Yan Wang a, Yvonne Angell a, Yun Wu b, Yanfen Teng b, Meng Li b, Krishna Kodukula c and Robert Drakas c
a. Department of Peptide Chemistry, ChemPartner SSF;
b. ChemPartner Shanghai;
c. ShangPharma Innovation, 280 Utah Avenue, Suite 250, SSF, CA 94080
Chemerin is an immunomodulating factor secreted in many tissues including the spleen, lymph nodes, adipose tissue and epithelia. It was identified as a ligand of the Chemerin receptor (ChemR23 / CMKLR1), a chemokine like G protein-coupled receptor (GPCR) and induces chemotaxis in natural killer cells, macrophages, and immature dendritic cells.
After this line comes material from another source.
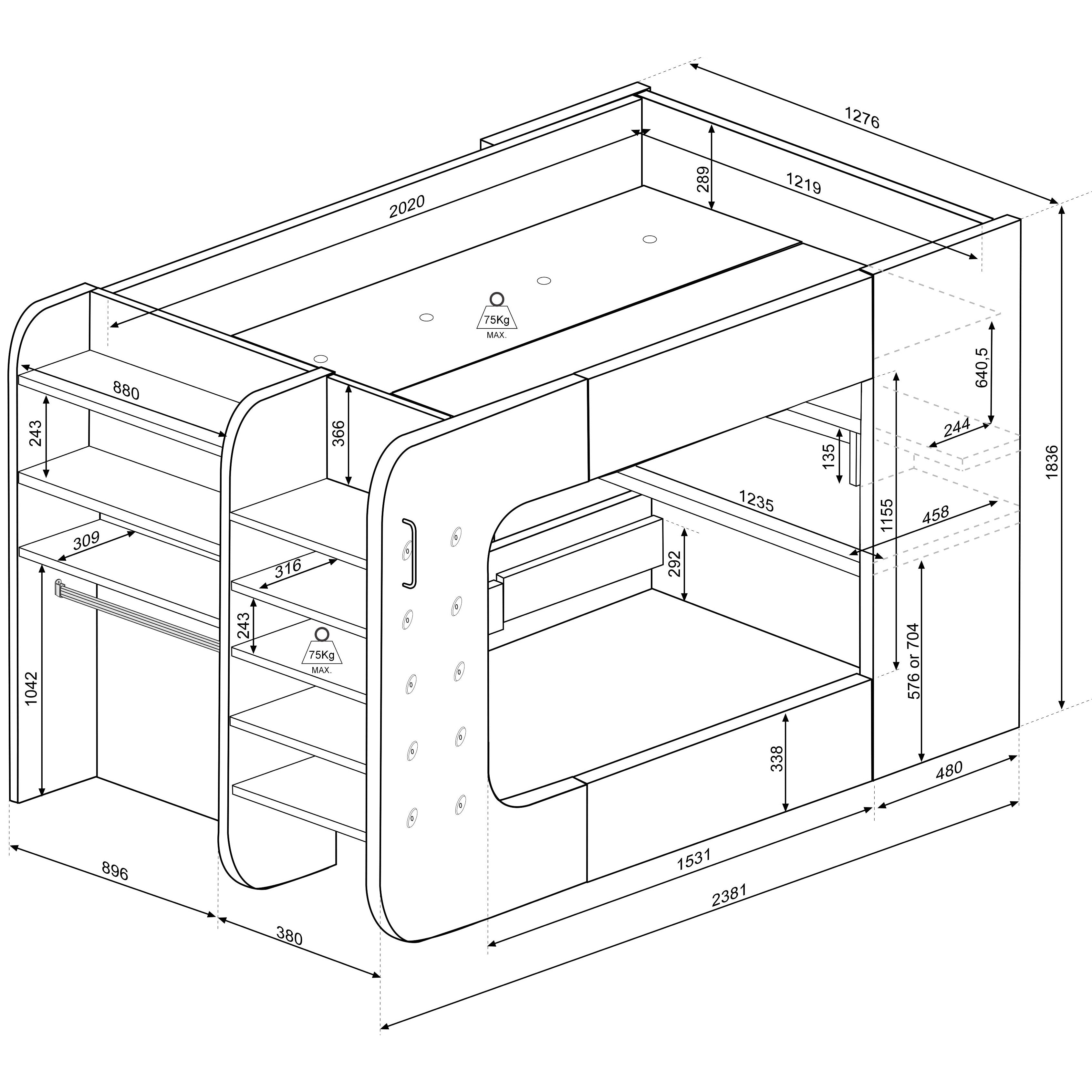 NB: It is recommended for all elevated beds that the maximum depth of any mattress for the top bunk is 15 cm.
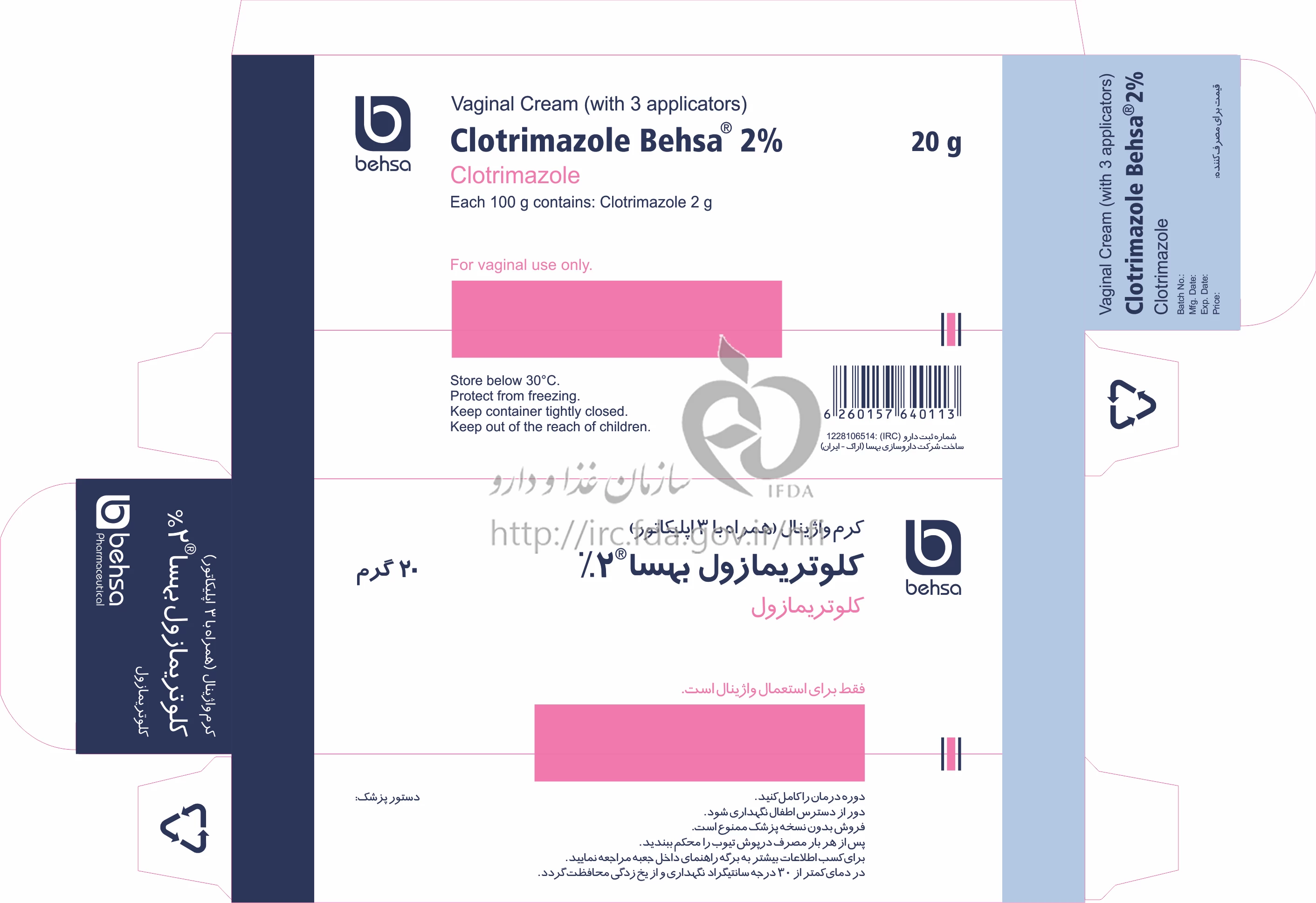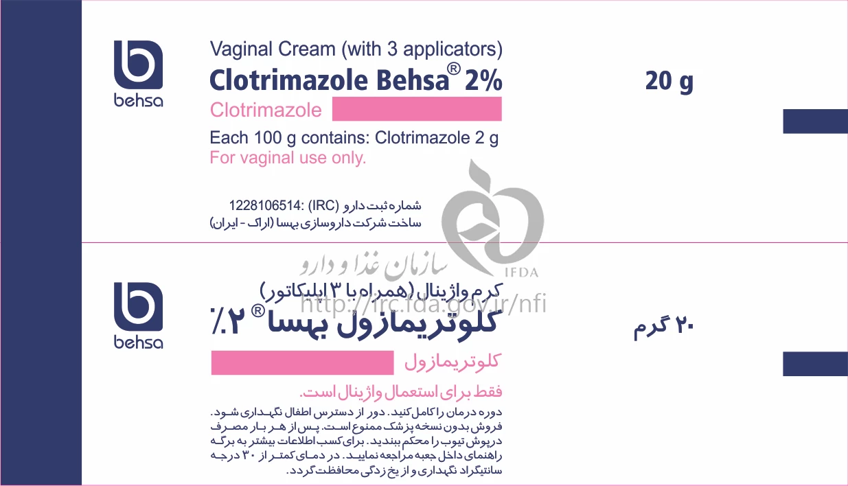 کلوتریمازول بهسا کرم واژینال 2 % 20GRAM

It is secreted as an inactive precursor, pro-chemerin, and is activated by proteolytic removal of amino acids from the c-terminus by proteases such as elastase, cathepsin G, or kallikrein 7. The nonapeptide, chemerin-9, derived from the C-terminus of the processed form of chemerin is also a potent agonist of CMKLR1.
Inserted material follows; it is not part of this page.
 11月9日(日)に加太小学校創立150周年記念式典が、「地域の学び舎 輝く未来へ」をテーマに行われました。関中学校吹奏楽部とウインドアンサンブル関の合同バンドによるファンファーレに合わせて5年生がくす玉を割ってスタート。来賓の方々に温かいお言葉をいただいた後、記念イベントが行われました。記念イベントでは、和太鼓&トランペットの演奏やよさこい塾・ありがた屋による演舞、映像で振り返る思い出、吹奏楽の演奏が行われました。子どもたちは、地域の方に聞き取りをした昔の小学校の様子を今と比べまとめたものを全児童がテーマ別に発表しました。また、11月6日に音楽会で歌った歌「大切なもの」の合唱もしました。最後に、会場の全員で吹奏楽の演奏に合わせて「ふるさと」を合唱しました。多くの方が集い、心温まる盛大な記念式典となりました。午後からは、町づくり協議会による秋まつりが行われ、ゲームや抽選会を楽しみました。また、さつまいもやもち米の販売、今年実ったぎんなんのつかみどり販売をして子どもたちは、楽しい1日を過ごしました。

Chemerin is involved in a variety of functions including cell differentiation and has been linked with diverse indications such as inflammation, psoriasis and obesity. However, its mechanism and detailed signaling pathway remain unclear. Also, chemerin and chemerin-9 are rapidly degraded and inactivated in plasma, which has limited their use in in vivo experiments and as potential therapies. There is a need to develop stable and selective molecular tools to accelerate pharmacological analysis of Chemerin–CMKLR1 interactions, better define signaling pathways, and screen in vivo to validate CMKLR1 as a potential therapeutic target.
We carried out multiple peptide modification strategies and tested more than 230 peptides in an SAR study, using human CMKLR1 over-expressed in U2OS cells as our primary assay. A number of potent analogs were identified, among them, two peptides were chosen as lead candidates for further studies. Both analogs showed good metabolic stability and no toxicity. They also had excellent GPCR selectivity during GPCR panel screening at 10 µM concentration.
Thus, these analogs have emerged as useful tools for further interrogation of chemerin’s biological role and as potential lead structures for continued development.